Fifty-two of New York State's 62 counties passed resolutions against the SAFE Act, and many counties directed their police forces not to enforce its provisions.

The SAFE Act was so unpopular with New Yorkers that they simply didn't comply with the requirement to register their semi-automatic firearms with the New York State Police. The State Police recently released data showing that of the estimated 1 - 1.2 million semi-automatic firearms within the state, only 23,847 people registered a total of 44,485 guns before the required deadline. That's not even a four percent compliance rate.
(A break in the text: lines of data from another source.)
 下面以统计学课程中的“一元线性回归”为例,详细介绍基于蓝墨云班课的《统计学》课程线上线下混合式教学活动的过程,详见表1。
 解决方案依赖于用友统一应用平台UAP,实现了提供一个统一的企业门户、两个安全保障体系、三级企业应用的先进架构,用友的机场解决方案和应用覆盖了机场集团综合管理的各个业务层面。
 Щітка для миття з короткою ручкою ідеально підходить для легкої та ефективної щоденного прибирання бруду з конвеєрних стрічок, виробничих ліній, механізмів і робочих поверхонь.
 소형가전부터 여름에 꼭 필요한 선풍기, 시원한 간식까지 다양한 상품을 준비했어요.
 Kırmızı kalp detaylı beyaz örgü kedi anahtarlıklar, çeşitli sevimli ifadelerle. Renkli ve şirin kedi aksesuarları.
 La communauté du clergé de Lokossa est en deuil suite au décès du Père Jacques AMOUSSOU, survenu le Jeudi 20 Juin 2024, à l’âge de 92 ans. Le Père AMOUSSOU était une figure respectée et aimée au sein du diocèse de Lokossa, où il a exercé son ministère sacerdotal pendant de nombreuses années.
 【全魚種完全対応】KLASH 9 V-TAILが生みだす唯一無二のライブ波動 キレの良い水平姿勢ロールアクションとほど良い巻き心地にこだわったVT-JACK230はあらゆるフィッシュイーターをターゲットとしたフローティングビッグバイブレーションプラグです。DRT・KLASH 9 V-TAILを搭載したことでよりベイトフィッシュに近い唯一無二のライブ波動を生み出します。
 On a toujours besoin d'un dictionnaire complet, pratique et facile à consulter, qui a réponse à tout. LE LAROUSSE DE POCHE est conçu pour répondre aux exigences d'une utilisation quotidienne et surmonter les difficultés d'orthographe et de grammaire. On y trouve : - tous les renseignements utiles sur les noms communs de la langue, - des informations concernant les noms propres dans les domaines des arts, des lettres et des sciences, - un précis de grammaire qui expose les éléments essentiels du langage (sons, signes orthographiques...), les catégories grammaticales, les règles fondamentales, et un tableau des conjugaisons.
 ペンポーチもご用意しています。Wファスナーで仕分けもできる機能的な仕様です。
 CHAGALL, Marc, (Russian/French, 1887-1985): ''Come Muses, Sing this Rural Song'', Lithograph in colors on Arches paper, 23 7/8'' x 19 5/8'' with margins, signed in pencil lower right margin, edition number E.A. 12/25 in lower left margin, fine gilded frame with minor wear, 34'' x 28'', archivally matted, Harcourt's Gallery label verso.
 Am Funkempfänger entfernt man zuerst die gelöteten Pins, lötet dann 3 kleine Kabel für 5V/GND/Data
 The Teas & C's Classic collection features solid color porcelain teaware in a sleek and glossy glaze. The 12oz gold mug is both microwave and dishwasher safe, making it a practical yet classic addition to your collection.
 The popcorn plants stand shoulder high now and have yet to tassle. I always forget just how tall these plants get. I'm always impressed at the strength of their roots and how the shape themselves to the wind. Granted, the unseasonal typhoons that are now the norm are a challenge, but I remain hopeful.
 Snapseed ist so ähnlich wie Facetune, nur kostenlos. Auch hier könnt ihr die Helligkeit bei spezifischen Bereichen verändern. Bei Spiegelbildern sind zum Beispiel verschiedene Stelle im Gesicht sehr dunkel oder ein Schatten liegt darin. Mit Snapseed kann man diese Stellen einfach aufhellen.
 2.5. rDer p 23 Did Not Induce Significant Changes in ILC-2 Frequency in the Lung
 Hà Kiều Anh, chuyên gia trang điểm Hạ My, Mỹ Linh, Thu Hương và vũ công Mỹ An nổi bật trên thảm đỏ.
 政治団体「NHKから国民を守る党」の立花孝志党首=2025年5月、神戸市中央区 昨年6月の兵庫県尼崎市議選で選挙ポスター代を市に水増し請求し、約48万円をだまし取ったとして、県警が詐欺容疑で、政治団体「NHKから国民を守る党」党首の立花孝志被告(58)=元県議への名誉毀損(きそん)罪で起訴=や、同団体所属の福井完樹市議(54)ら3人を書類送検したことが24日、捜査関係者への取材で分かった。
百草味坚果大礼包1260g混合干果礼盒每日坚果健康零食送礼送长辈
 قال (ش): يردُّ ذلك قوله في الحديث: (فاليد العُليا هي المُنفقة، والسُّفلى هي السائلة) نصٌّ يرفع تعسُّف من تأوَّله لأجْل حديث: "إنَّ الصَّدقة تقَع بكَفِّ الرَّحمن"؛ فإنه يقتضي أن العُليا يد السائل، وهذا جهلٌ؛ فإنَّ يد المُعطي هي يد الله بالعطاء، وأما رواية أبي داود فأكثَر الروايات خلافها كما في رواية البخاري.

The SAFE Act made criminals out of hundreds of thousands of New Yorkers who are exercising their Second Amendment rights.

So, when Richard Matt and David Sweat made their audacious escape from the maximum security Clinton Correctional Facility, Gov. Cuomo's nightmare began. As anyone could have predicted, the fugitives burglarized an unoccupied cabin and stole a shotgun that they used in an attempt to carjack a driver. Matt had the shotgun at the time Border Patrol Agents shot and killed him. Gov. Cuomo's nightmare was about law abiding New Yorkers being killed while reloading their weapons defending themselves and their families against two desperate murderers who had nothing to lose. Such an event would be further evidence that such laws have not, and will never work as intended.

To justify passing the SAFE Act, Gov. Cuomo cried out in a speech, "You don't need 30 bullets to kill a deer!" No you don't, but you may very well need 30 bullets to ward off two armed and dangerous escaped murders who want to break into your rural home, kill you, and steal your money, guns and car.

Why do Gov. Cuomo and his anti-gun cronies feel compelled to place law abiding citizens at a disadvantaged position against armed felons? What makes them believe felons will ever comply with ill-conceived anti-gun laws like the SAFE Act? Why would Gov. Cuomo purposely give the advantage to criminals over the general public? To liberal politicians it does not matter. They don't like firearms, therefore they must be banned!

New Yorkers dodged the bullet (pun intended) when the law enforcement dragnet located Matt and Sweat before they managed to kill again. This entire event should illustrate to New Yorkers and all Americans that no matter how many anti-gun laws liberals pass, they will never stop criminals and mentally ill people from obtaining and using firearms to commit crime. These laws only handcuff honest citizens and diminish their Constitutional right to defend themselves.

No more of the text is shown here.